Task instructions:
Set down, please, exactly the lines below that run from the line with "타가는 스테핑과 함께" to the line with "二、 | 根據交通部道安資訊查詢網,本縣114年1-9月道路交通事故與112年同期比較分析,以少年自行車騎士(含電自、電輔)", both lines included.

Provided entries:
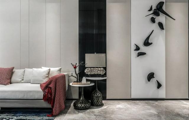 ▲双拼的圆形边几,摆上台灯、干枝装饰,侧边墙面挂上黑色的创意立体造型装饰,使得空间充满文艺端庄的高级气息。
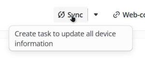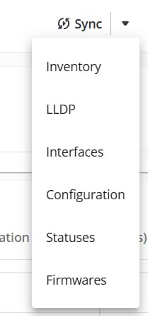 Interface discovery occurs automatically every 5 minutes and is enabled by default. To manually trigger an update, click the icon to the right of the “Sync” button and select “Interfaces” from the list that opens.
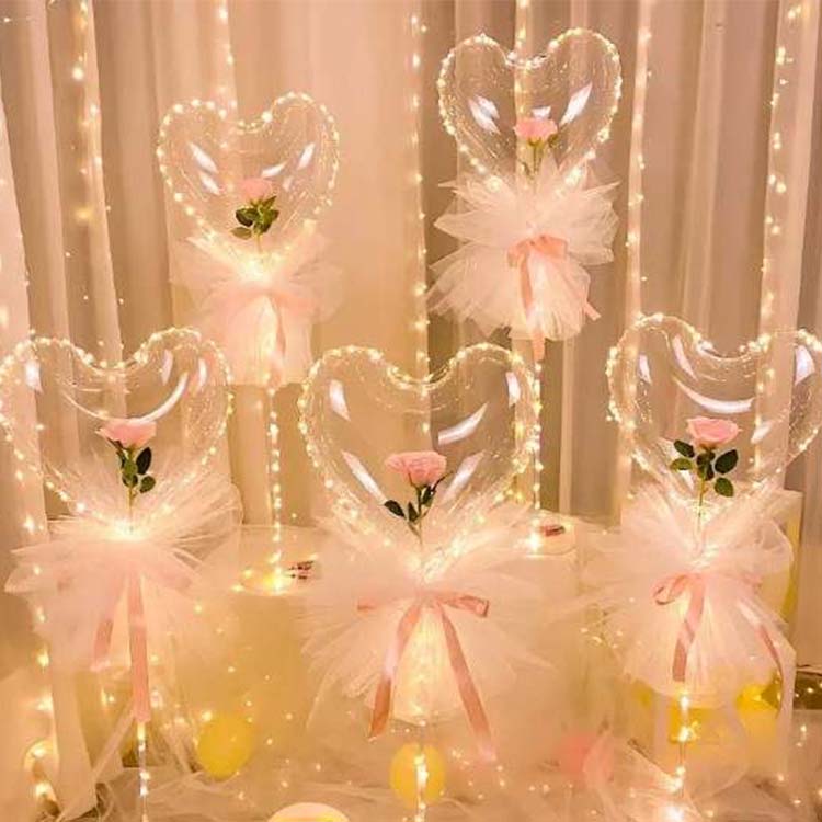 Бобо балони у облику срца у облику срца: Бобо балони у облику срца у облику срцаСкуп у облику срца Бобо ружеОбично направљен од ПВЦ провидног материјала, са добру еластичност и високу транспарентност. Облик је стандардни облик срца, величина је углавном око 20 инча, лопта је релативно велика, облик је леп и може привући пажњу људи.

--

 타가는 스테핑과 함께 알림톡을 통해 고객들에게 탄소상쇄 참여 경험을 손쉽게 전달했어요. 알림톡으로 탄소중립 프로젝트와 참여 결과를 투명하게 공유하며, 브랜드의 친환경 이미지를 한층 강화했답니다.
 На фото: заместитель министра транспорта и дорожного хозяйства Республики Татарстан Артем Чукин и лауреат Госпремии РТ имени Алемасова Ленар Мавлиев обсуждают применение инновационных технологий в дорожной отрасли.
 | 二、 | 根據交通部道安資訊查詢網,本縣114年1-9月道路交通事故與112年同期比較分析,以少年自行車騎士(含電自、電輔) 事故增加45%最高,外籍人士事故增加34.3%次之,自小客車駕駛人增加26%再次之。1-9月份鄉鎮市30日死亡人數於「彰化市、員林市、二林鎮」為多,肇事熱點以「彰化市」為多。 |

Result of this exercise:
 타가는 스테핑과 함께 알림톡을 통해 고객들에게 탄소상쇄 참여 경험을 손쉽게 전달했어요. 알림톡으로 탄소중립 프로젝트와 참여 결과를 투명하게 공유하며, 브랜드의 친환경 이미지를 한층 강화했답니다.
 На фото: заместитель министра транспорта и дорожного хозяйства Республики Татарстан Артем Чукин и лауреат Госпремии РТ имени Алемасова Ленар Мавлиев обсуждают применение инновационных технологий в дорожной отрасли.
 | 二、 | 根據交通部道安資訊查詢網,本縣114年1-9月道路交通事故與112年同期比較分析,以少年自行車騎士(含電自、電輔) 事故增加45%最高,外籍人士事故增加34.3%次之,自小客車駕駛人增加26%再次之。1-9月份鄉鎮市30日死亡人數於「彰化市、員林市、二林鎮」為多,肇事熱點以「彰化市」為多。 |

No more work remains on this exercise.